Vision, Learning and Control Research Group, University of Southampton, Southampton, United Kingdom.
Department of Machine Learning, Laboratoire Hubert Curien, Saint-Etienne, France.
PLoS One. 2021 Nov 18;16(11):e0259969. doi: 10.1371/journal.pone.0259969. eCollection 2021.

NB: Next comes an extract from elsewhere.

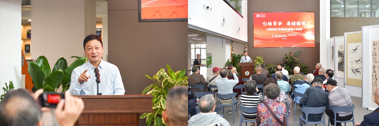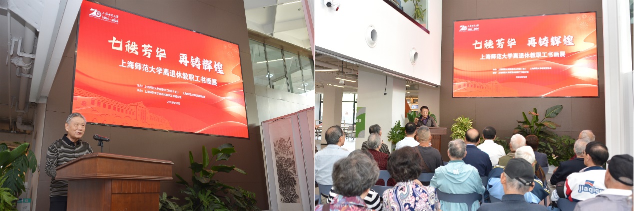 原校黨委書記、書畫沙龍骨干陸建非代表參展老同志發言。他談到,得知校慶70周年之際將要舉辦書畫展,便立即傾心筆墨,創作了書法作品來參展。70年校慶是用校史思政育人的好機會,希望和其他老同志們一起利用自己的興趣愛好,既表達對黨、對學校的真摯感情,又不斷地延續自己生命的厚度和寬度。
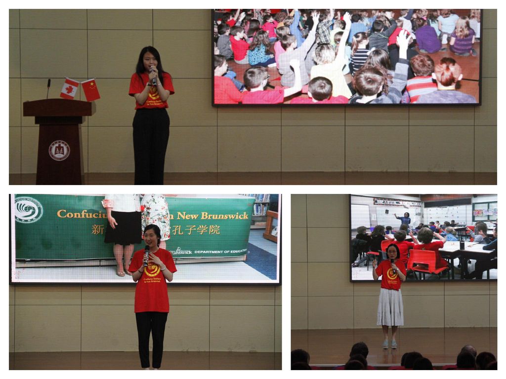 13. On July 17, Teng Jing went to the Communication University of China delivered a speech to more than 160 Chinese teachers who are going to work at the Confucius Institutes. She introduced the promotion of Chinese language in NB province and shared her views on how to strengthen the cooperation between the Chinese and foreign directors. Mr. Duan Yi, an official of Hanban who was in charge of the training, thanked her for her report on the rainy night just before her returning to Canada. He praised that fully reflected her contribution to the career. After the meeting, Wang Yan, who was about to go to the Confucius Institute in Maine as Chinese director, texted her: "Thank you for your selfless share of your valuable experiences with us! I can see that your dedication and personality charm have won the support and recognition of the Canadian side and won the respect of your compatriots. You are my role model!"

Comprehensive testing schemes, followed by adequate contact tracing and isolation, represent the best public health interventions we can employ to reduce the impact of an ongoing epidemic when no or limited vaccine supplies are available and the implications of a full lockdown are to be avoided. However, the process of tracing can prove feckless for highly-contagious viruses such as SARS-CoV-2. The interview-based approaches often miss contacts and involve significant delays, while digital solutions can suffer from insufficient adoption rates or inadequate usage patterns. Here we present a novel way of modelling different contact tracing strategies, using a generalized multi-site mean-field model, which can naturally assess the impact of manual and digital approaches alike. Our methodology can readily be applied to any compartmental formulation, thus enabling the study of more complex pathogen dynamics. We use this technique to simulate a newly-defined epidemiological model, SEIR-T, and show that, given the right conditions, tracing in a COVID-19 epidemic can be effective even when digital uptakes are sub-optimal or interviewers miss a fair proportion of the contacts.
综合测试方案,辅以充分的接触者追踪和隔离,是在没有或有限疫苗供应且需要避免全面封锁的情况下,我们可以采用的减少正在进行的传染病影响的最佳公共卫生干预措施。然而,对于 SARS-CoV-2 等高度传染性病毒,追踪过程可能会无效。基于访谈的方法往往会错过接触者,并且涉及到重大的延迟,而数字解决方案可能会受到采用率不足或使用模式不当的影响。在这里,我们提出了一种使用广义多点平均场模型对不同接触者追踪策略进行建模的新方法,该方法可以自然地评估手动和数字方法的影响。我们的方法可以很容易地应用于任何分区公式,从而能够研究更复杂的病原体动态。我们使用该技术模拟了一个新定义的流行病学模型 SEIR-T,并表明,在适当的条件下,即使数字利用率不理想或访谈者错过了相当一部分接触者,在 COVID-19 流行期间进行追踪也可以是有效的。